Give again, word for word, only the lines of the material below from its first line through the one that holds "Over the last"; pictures stay out.

**ENTRIES PROVIDED:**
════════

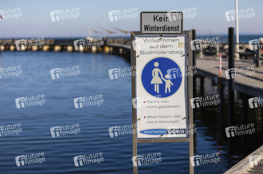 Verkehrsschild, Straßenverkehrsordnung, Gehweg, Straßenverkehrsordnung, Fußgänger, Frau mit Kind, Fußgängerverkehr, Verkehrsverbot für alle Verkehrsarten außer Fußgängern, StVO, Symbol, Piktogramm, Schild, Steg, Südmolensteg, Meer, Themenbild, Symbolbild
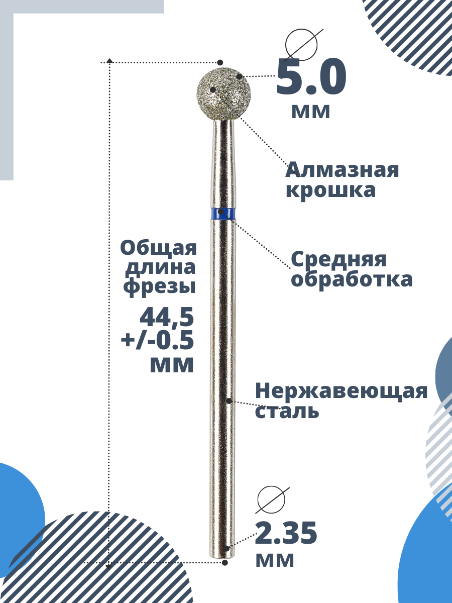 Купить Astial / Фреза для маникюра и педикюра алмазная средняя синяя Шар Сфера Набор для кутикулы 5 шт
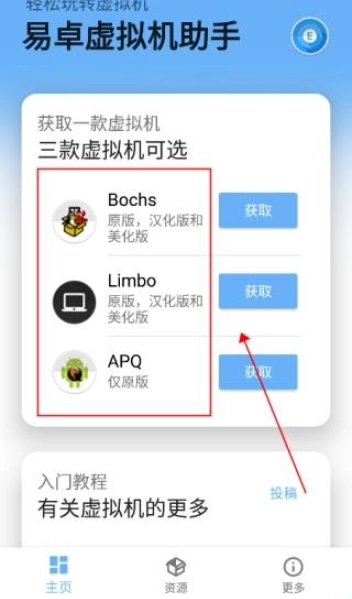 1、打开易卓虚拟机助手,进入后找到首页展示的三款虚拟机,从中任意选择一款并点击获取。
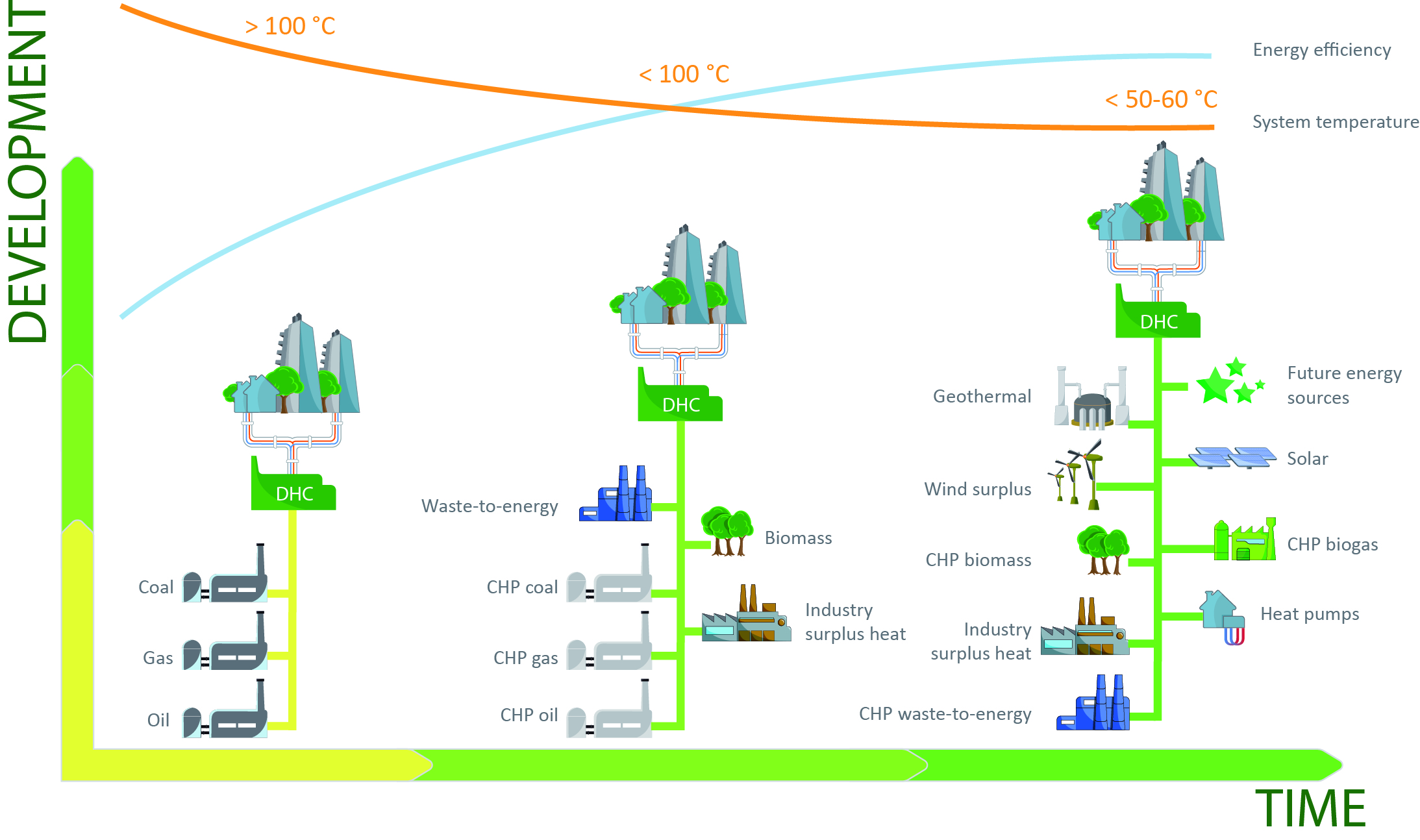Over the last decades, DH systems have been developed by introducing new technologies and by increasing energy efficiency. These changes have had a wide range of consequences which resulted in four different generations of DH systems in terms of technology, heat distribution, medium, circulation systems etc. Starting from the 1st generation where the heat carrier was steam, the last, 4th generation of DH provides low temperature DH systems with water at 30-60°C, depending on requirements. Apart from the heat carrier, circulation systems have changed from steam pressure and central pumps only to more sophisticated central and decentralised pumps. Another important development can be found in substations and radiators (heat exchangers) where floor heating and low-temperature radiators will be used.
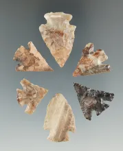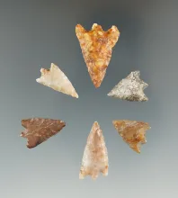 Group of six nicely styled Columbia River arrowheads found near Quilomene Bar, Vantage, WA. WASHINGTON 70.00
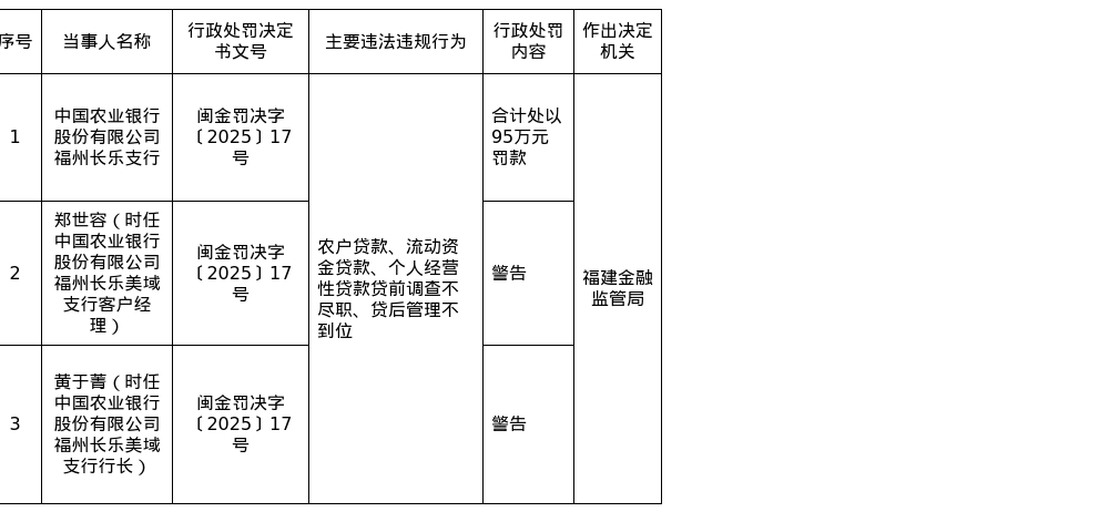 农行福州长乐支行被罚95万,涉贷前调查不尽职等
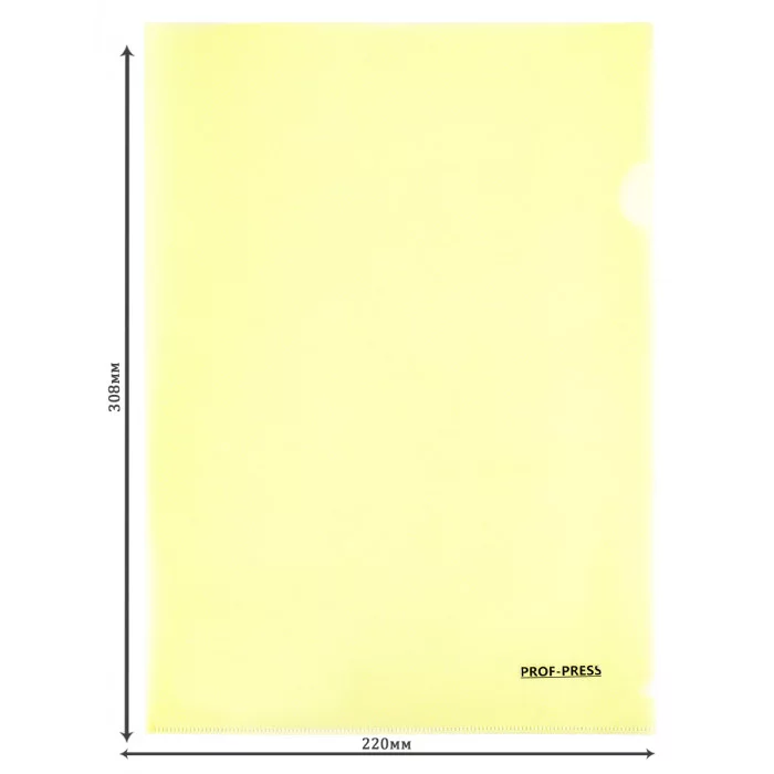 Папка-уголок формата А4 и толщиной 180 мкм предназначена для хранения и удобной транспортировки документов, защищая их от загрязнения и смятия. Специальная выемка предусмотрена для удобного и оперативного извлечение листов из папки. Изделие имеет вертикальную ориентацию. Размер: 220х308 мм. Цвет: жёлтый.

════════

**WRITTEN REPLY:**
 Verkehrsschild, Straßenverkehrsordnung, Gehweg, Straßenverkehrsordnung, Fußgänger, Frau mit Kind, Fußgängerverkehr, Verkehrsverbot für alle Verkehrsarten außer Fußgängern, StVO, Symbol, Piktogramm, Schild, Steg, Südmolensteg, Meer, Themenbild, Symbolbild
 Купить Astial / Фреза для маникюра и педикюра алмазная средняя синяя Шар Сфера Набор для кутикулы 5 шт
 1、打开易卓虚拟机助手,进入后找到首页展示的三款虚拟机,从中任意选择一款并点击获取。
Over the last decades, DH systems have been developed by introducing new technologies and by increasing energy efficiency. These changes have had a wide range of consequences which resulted in four different generations of DH systems in terms of technology, heat distribution, medium, circulation systems etc. Starting from the 1st generation where the heat carrier was steam, the last, 4th generation of DH provides low temperature DH systems with water at 30-60°C, depending on requirements. Apart from the heat carrier, circulation systems have changed from steam pressure and central pumps only to more sophisticated central and decentralised pumps. Another important development can be found in substations and radiators (heat exchangers) where floor heating and low-temperature radiators will be used.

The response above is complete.